This is especially significant considering that totalitarian regimes always try to keep their major cities well supplied even during shortages, while letting the rest of the country suffer. The risk of dying from exposure complicates the process of maintaining control if the people in the capital threaten to riot because of the lack of heating, and it looks bad to foreign visitors and to the rest of the world.
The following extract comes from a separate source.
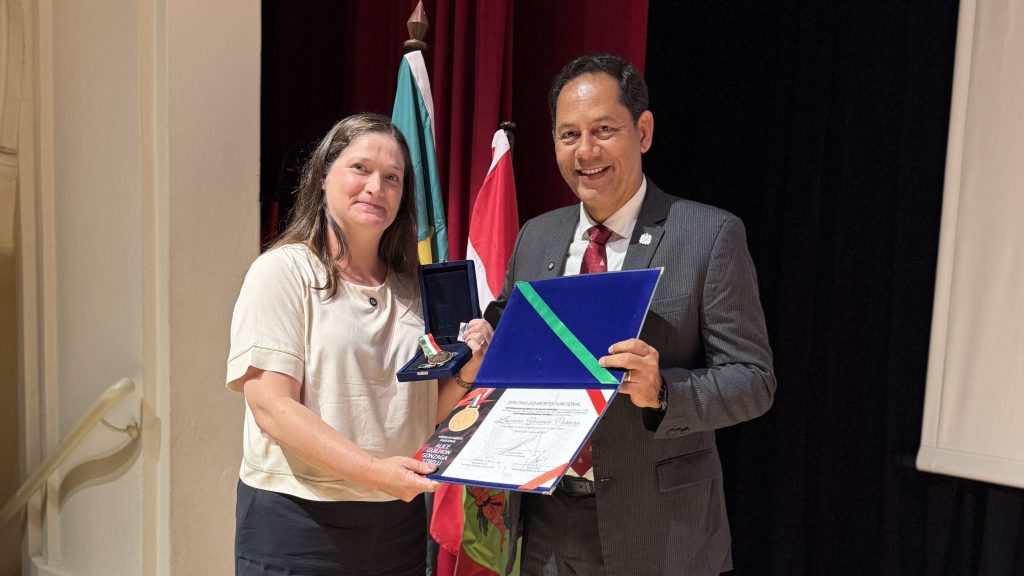 Durante o evento, a Auditora do Estado Luciana Bernieri recebeu a Medalha de Mérito Funcional Alice Guilhon Gonzaga Petrelli, concedida a servidores que se destacam pela trajetória exemplar no serviço público. Bernieri atuou em diferentes áreas da CGE, incluindo Corregedoria, Ouvidoria e Auditoria-Geral. A honraria foi entregue pelo Controlador-Geral Freibergue Rubem do Nascimento.
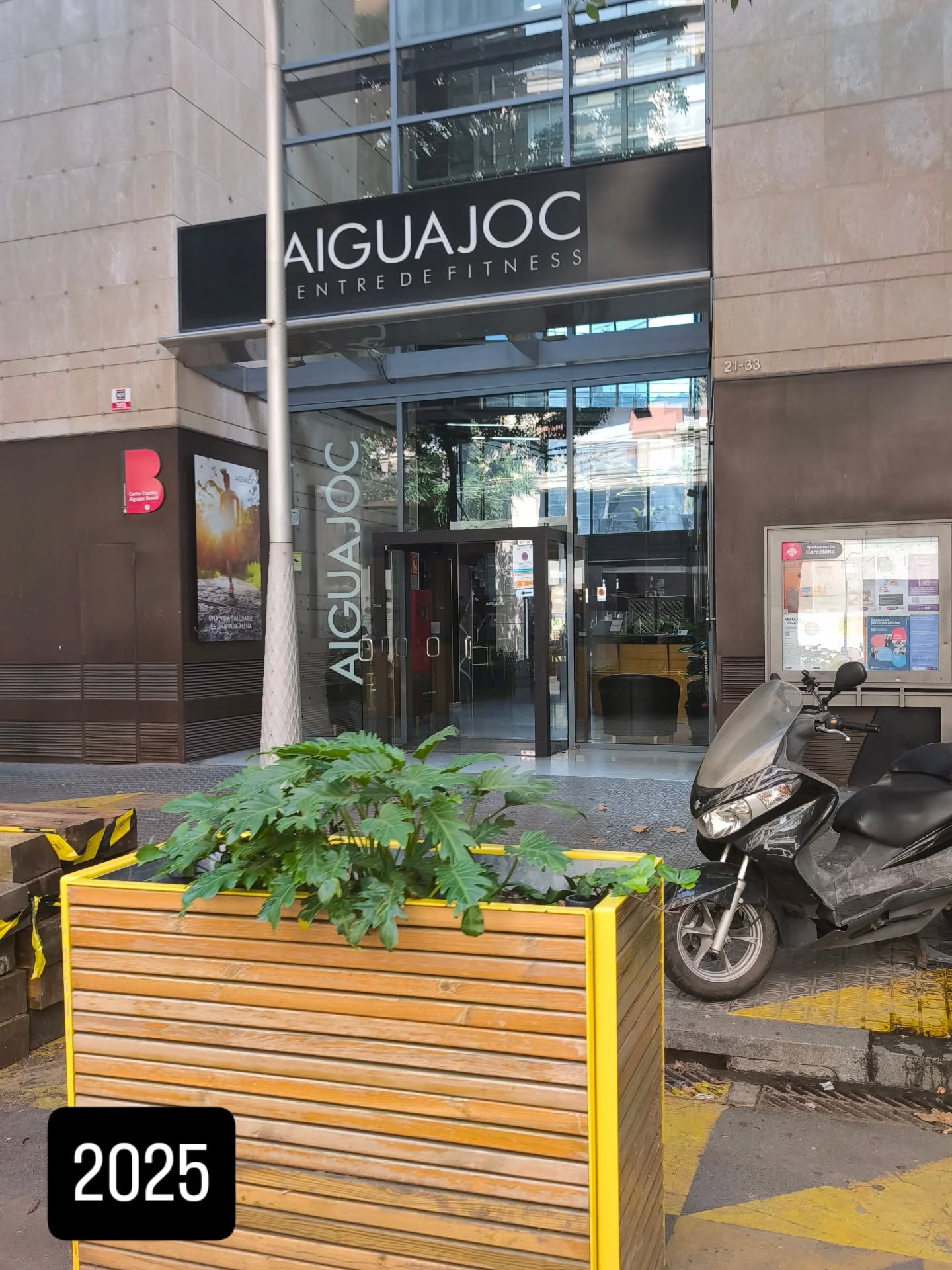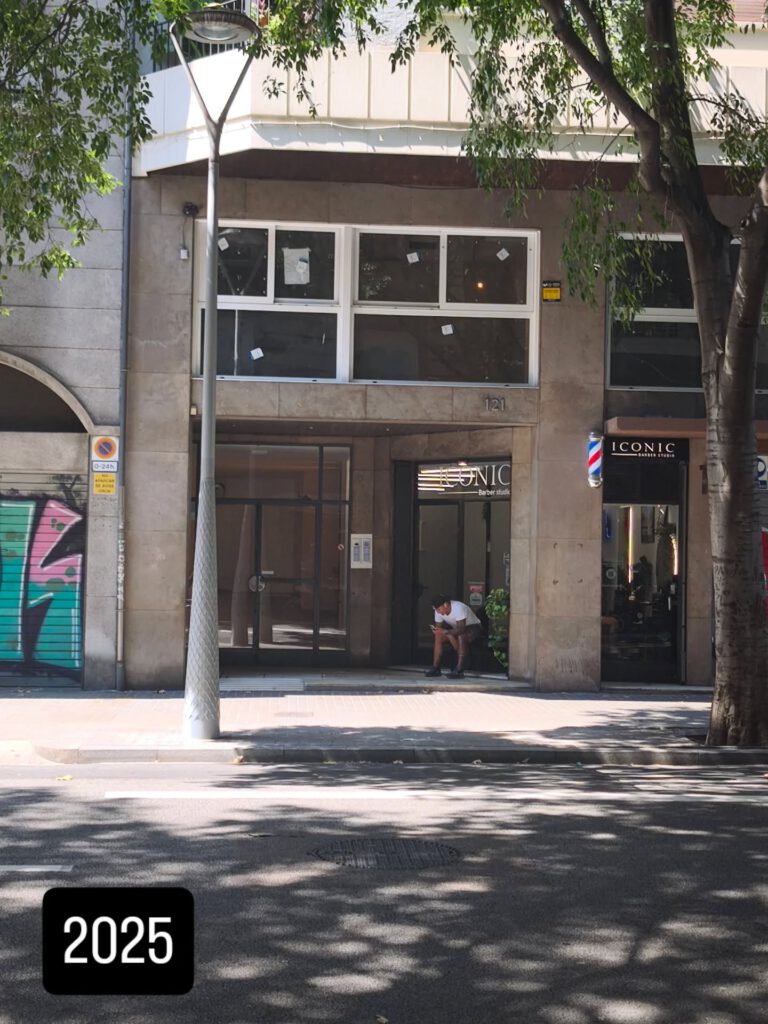 Ich gehe weiter, Richtung Süden. Durch ein Viertel, das sich poliert und teurer gemacht hat, wie alle Viertel, die irgendjemand irgendwann einmal geliebt hat. Vorbei am Mercat Sant Antoni. Und dann, Carrer Comte Borrell 21: das Aiguajoc. Noch da. Für die Anmeldung brauchte man damals ein spanisches Konto – nicht für die Miete, nicht für die Uni, sondern nur damit dieses Fitnessstudio den Monatsbeitrag abbuchen konnte. In der Nähe gab es eine Filiale der Deutschen Bank. Die Angestellten sagten „De-utsche Bank“ – als wäre es in ihrer Sprache ein ganz normales Wort.

http://www.guardian....1352019,00.html

China faces cold winter as fuel grows scarce

Jonathan Watts in Beijing
Tuesday November 16, 2004
The Guardian

Some 200 million people could be left out in the cold in China this winter, the state-run media warned yesterday, as energy shortages threatened the traditional switching on of the nation's centrally planned central heating system.

For more than 30 years, November 15 has been the day when Beijing's municipal managers turn on boilers, radiators and immersion heaters in a synchronised city-wide warm-up ahead of sub-zero temperatures that become the norm at this time of year.

But this year, the authorities warn that coal production has failed to match the demand for power, which has risen sharply as increased economic affluence has driven up sales of electric heaters, hot blankets, televisions and DVD players.

The China Daily said Beijing has only 50% of the coal it needs this winter, while Jilin has stores of 40%, half the level of this time last year.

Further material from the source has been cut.